Prior to all those revelations, however, Jackson had described Nayak to me as a braggart, a hanger-on, the sort of guy who always was coming up with big plans that amounted to nothing. He was a funny guy, whom no one took seriously, Jackson said.
Well, it turned out that Jackson took Nayak very seriously. He often had him to his Washington, D.C., office for drinks and cigars, and they frequently dined together in the nation’s capital.
After learning the truth about the Nayak-Jackson connection, I stated in this column that a man who could be trusted to secretly transport your mistress across the country would be precisely the sort of guy you might trust to present an offer to buy a U.S. Senate seat on your behalf.
Jackson has always denied he was involved in any such arrangement to join the Senate.
In fact, he said he told people lobbying on his behalf for the position to be careful about what they said to Blagojevich because he was under federal investigation and possibly being wiretapped by the FBI.
“I think he (Jackson) was tipped off about the investigation by someone in the federal government,” Ettinger said. “There are tapes of him talking to the Indian businessmen, telling them to be very careful about what they say to Blagojevich because he’s being investigated.”
There are those who believe (Ettinger is among them) that someone in the Obama administration reached out to the U.S. attorney’s office in Chicago and let it be known that Jackson Jr. should not be indicted.
But it is also a fact that Jackson was cooperating with investigators, and he has said as much publicly.
Whatever the case, arresting a sitting congressman, the son of a prominent civil rights leader, would have doubtless created a lot of political pressure.

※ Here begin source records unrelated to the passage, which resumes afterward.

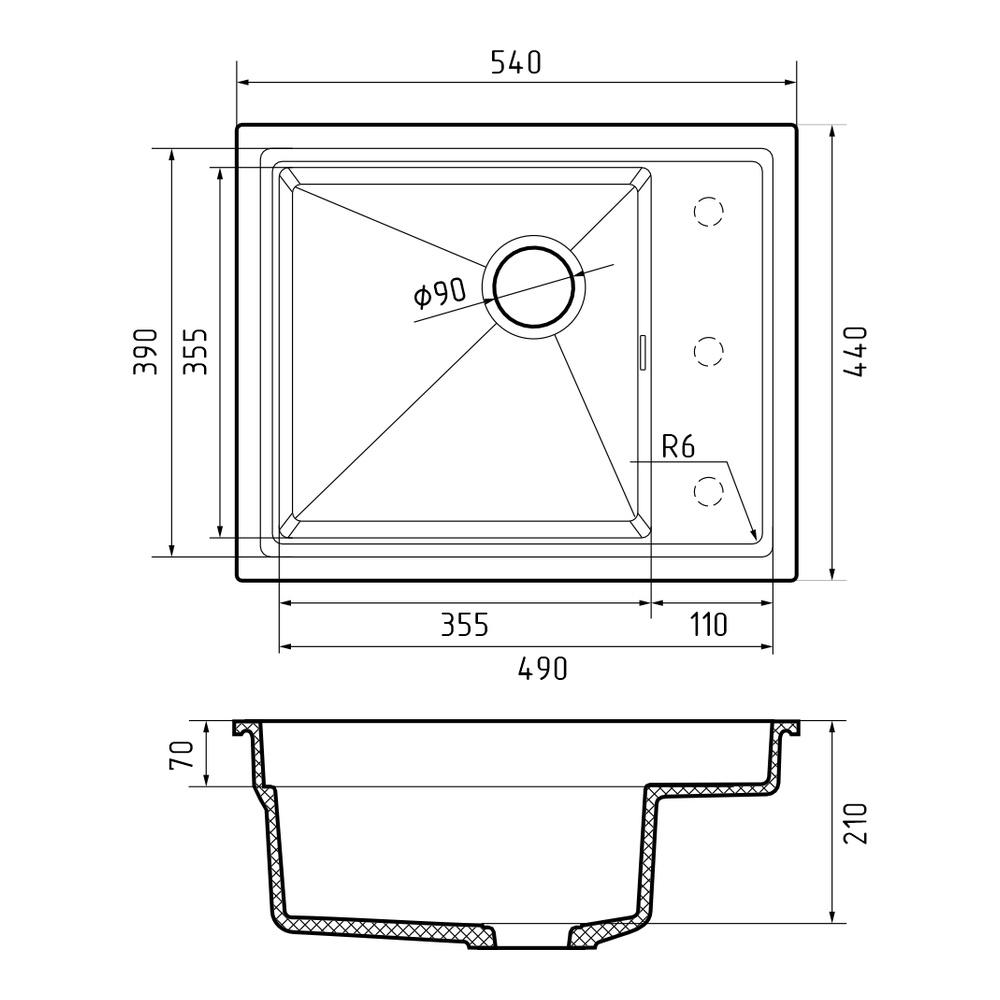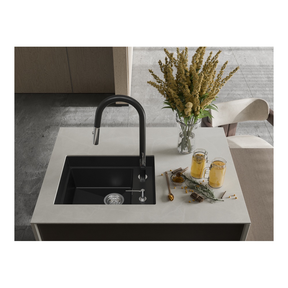 Кухонная мойка Rivelato NOBILE NB-544-R, черный. Для кухонного шкафа 60 см. Материал — кварцевый композит. Производство: Италия. Гарантийный срок: 5 лет.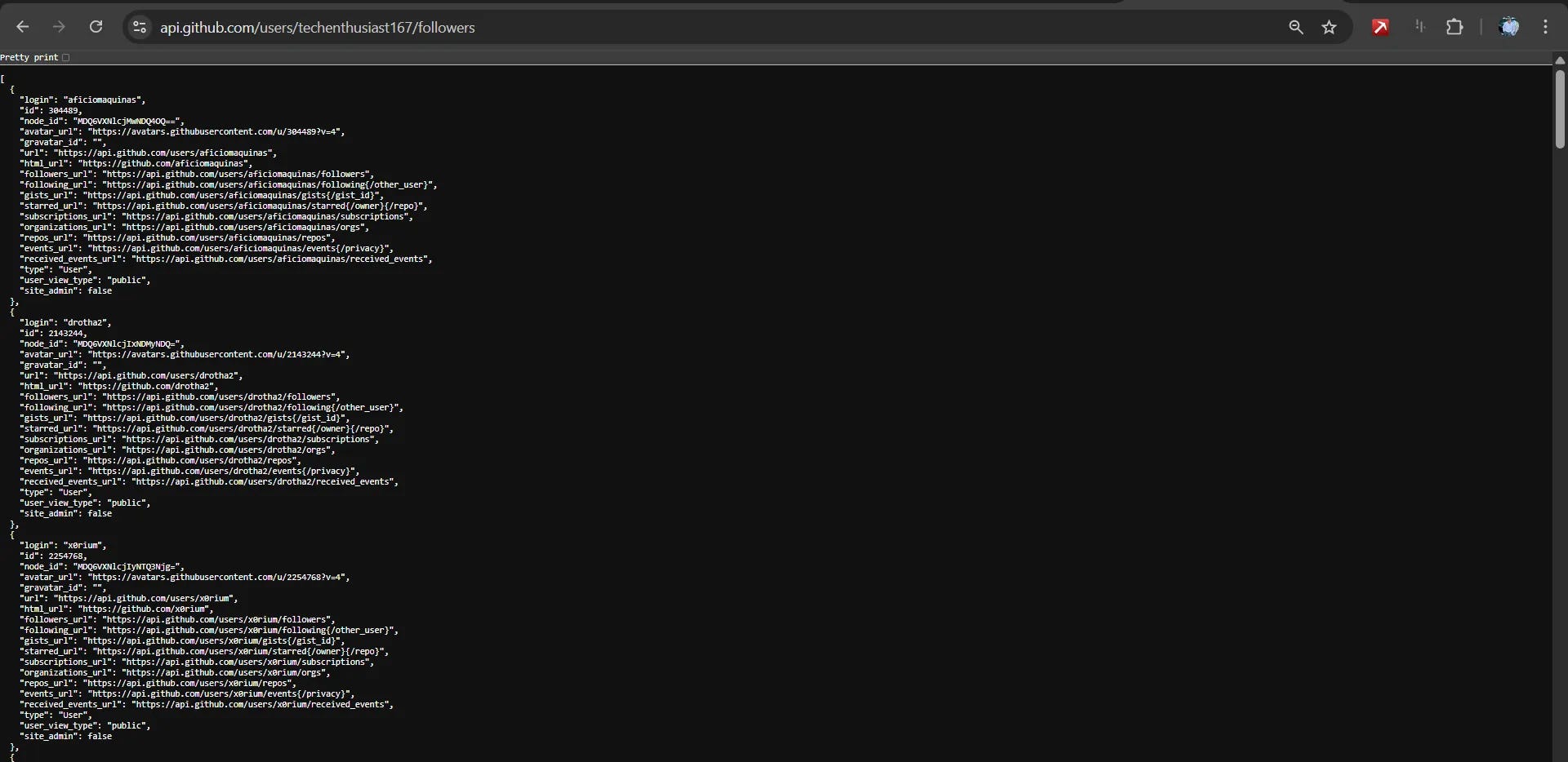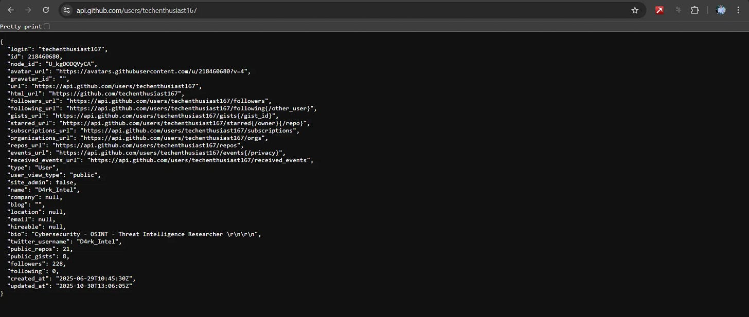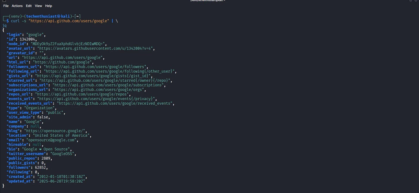 curl -s “https://api.github.com/users/Techenthusiast167”
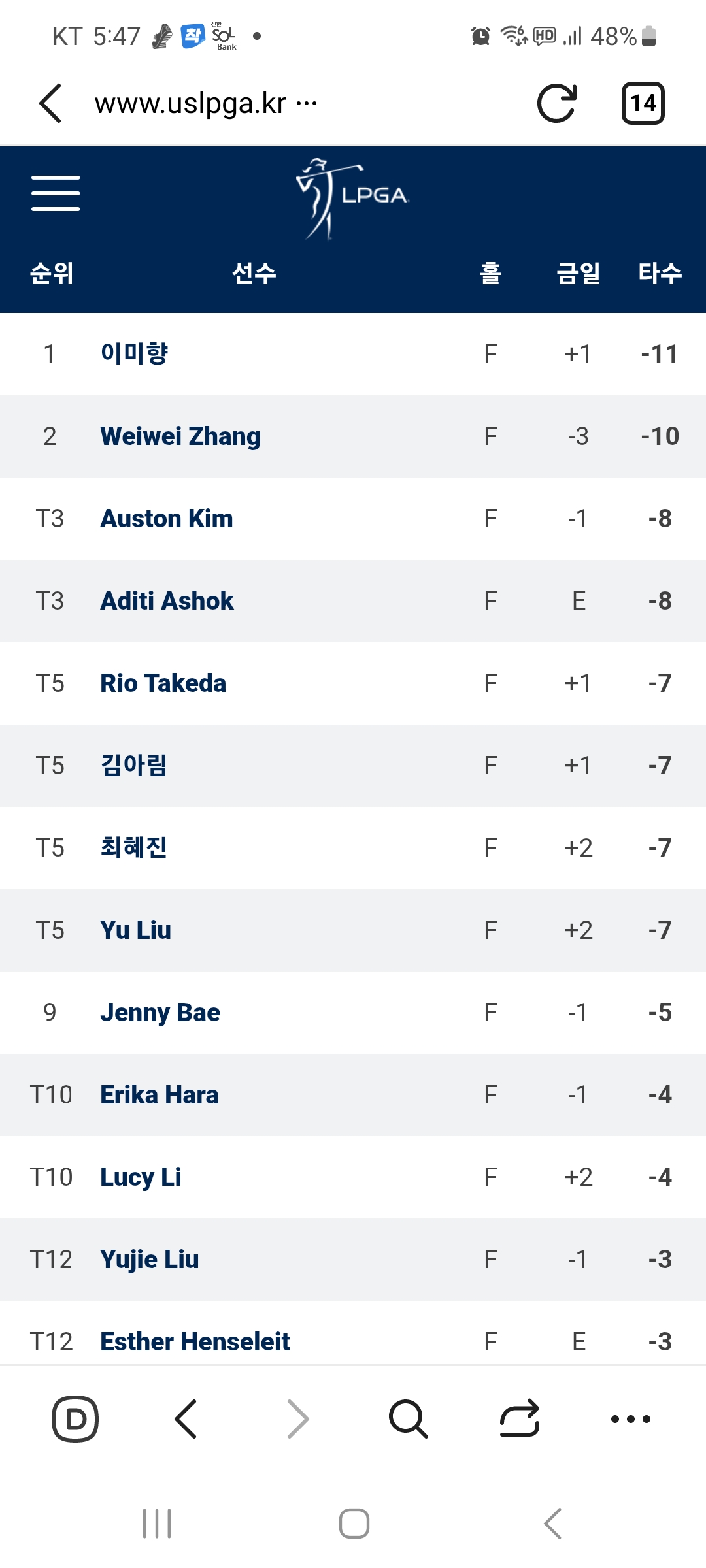 막홀 50센티 버디펏으로 우승 확정! 축하합니다. 이미향 선수..

A conviction would not have been a slam dunk. The best evidence of that is the difficulty the U.S. attorney’s office had in convicting Blagojevich.
Those with short memories may not remember there were a lot of people claiming the former governor was being treated unfairly and had done nothing different than previous officeholders.
Add race into the mix and any Jackson trial would have created a storm of controversy.
All of that said, I can’t help feeling that the public deserved its day in court.
This was a U.S. Senate seat someone tried to acquire by offering an Illinois governor a bribe.
It was the public’s trust in its elected officials and the government itself that were the victims.
To let the matter dangle, to not even address the issue directly in a courtroom, has left many citizens feeling that the justice system failed them.
Jackson’s sentencing on the misuse of campaign funds, which was scheduled for Wednesday, has been delayed. He has pleaded guilty, as has his wife, former Chicago Ald. Sandi Jackson, to separate charges of income tax evasion.
To some, the fact the Jacksons have been humiliated, forced to resign their elected offices and are likely headed to prison is enough punishment.
I don’t feel a need to see the Jacksons suffer further.
But I would like Jackson, as part of any sentencing deal, to fully confess in open court to whatever role he played in a scandal that resulted in the criminal conviction of an Illinois governor.
Failing that, I would hope that federal prosecutors fully disclose what they know about Jackson’s participation in the bribery scheme during their listing of his prior “bad acts” to the judge.
The government has indicated it has no objection to staggered prison sentences for the Jacksons, allowing one parent to remain home with their two children.
That’s fine with me, provided that Jackson finally tells the people the truth about that bribe.